MATERIAL TO PROCESS »
[Start of Attachment]

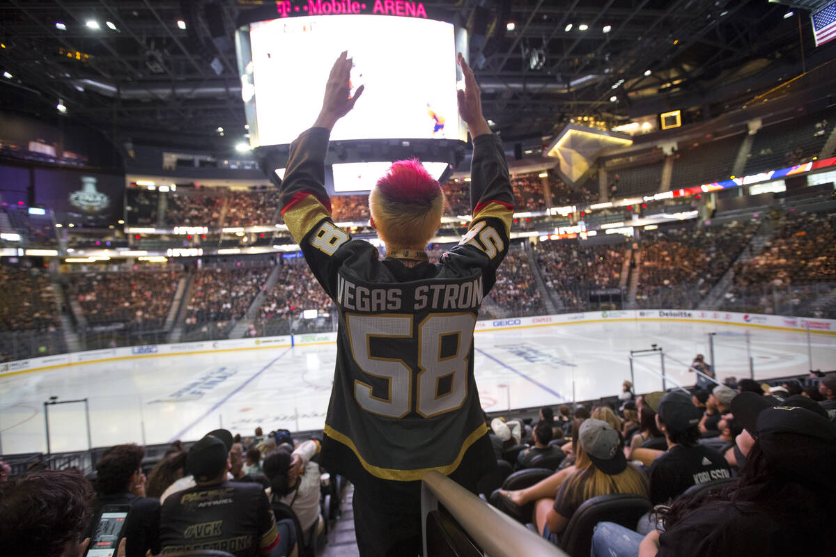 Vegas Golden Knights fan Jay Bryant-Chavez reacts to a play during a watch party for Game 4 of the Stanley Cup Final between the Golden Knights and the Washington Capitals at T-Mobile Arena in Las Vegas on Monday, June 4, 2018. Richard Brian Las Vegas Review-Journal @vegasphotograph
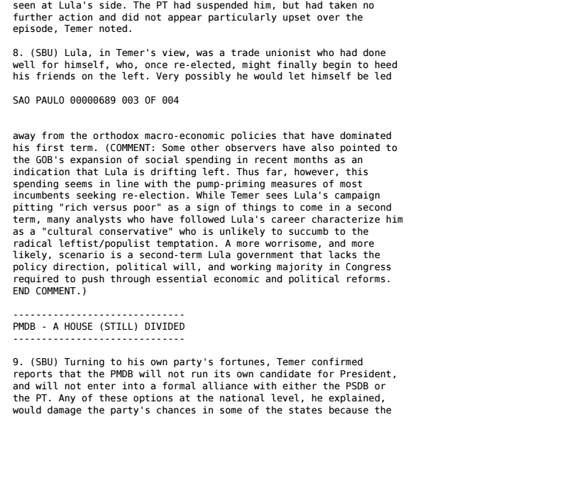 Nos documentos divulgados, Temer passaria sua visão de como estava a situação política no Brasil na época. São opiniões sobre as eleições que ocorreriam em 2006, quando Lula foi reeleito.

[End of Attachment]
[Start of Attachment]

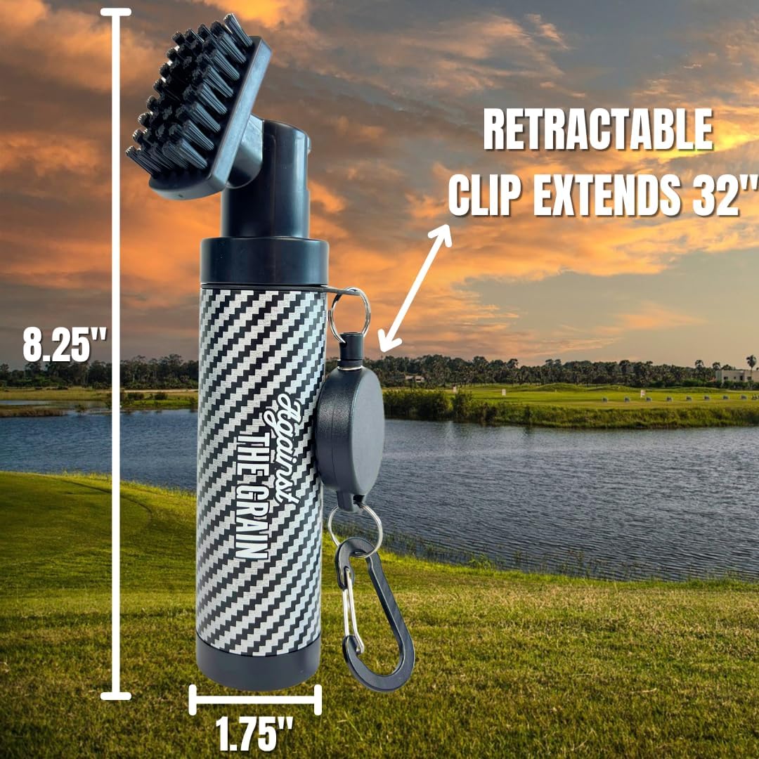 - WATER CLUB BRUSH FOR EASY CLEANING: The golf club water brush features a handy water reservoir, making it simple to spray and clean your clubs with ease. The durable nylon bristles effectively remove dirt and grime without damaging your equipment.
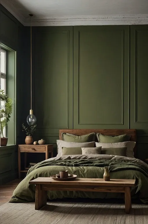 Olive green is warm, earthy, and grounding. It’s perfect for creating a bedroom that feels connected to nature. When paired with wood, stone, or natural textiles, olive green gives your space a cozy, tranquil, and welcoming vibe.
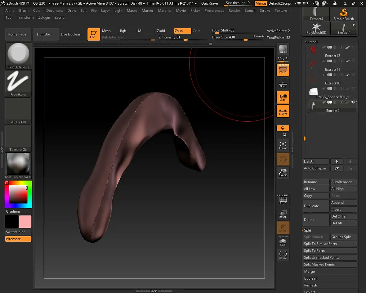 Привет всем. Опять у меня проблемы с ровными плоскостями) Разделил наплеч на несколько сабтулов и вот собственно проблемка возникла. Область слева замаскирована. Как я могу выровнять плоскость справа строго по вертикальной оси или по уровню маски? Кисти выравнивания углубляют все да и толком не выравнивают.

[End of Attachment]
[Start of Attachment]

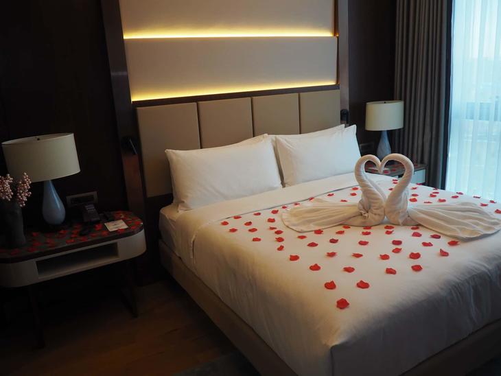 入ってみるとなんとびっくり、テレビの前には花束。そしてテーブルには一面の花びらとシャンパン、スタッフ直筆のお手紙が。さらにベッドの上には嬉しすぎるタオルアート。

[End of Attachment]

TASK INSTRUCTIONS » Reproduce word for word, with pictures dropped, only the part of the material above that opens with the line containing "- WATER CLUB" and closes with the line containing "Привет всем. Опять".

RESULT BELOW »
 - WATER CLUB BRUSH FOR EASY CLEANING: The golf club water brush features a handy water reservoir, making it simple to spray and clean your clubs with ease. The durable nylon bristles effectively remove dirt and grime without damaging your equipment.
 Olive green is warm, earthy, and grounding. It’s perfect for creating a bedroom that feels connected to nature. When paired with wood, stone, or natural textiles, olive green gives your space a cozy, tranquil, and welcoming vibe.
 Привет всем. Опять у меня проблемы с ровными плоскостями) Разделил наплеч на несколько сабтулов и вот собственно проблемка возникла. Область слева замаскирована. Как я могу выровнять плоскость справа строго по вертикальной оси или по уровню маски? Кисти выравнивания углубляют все да и толком не выравнивают.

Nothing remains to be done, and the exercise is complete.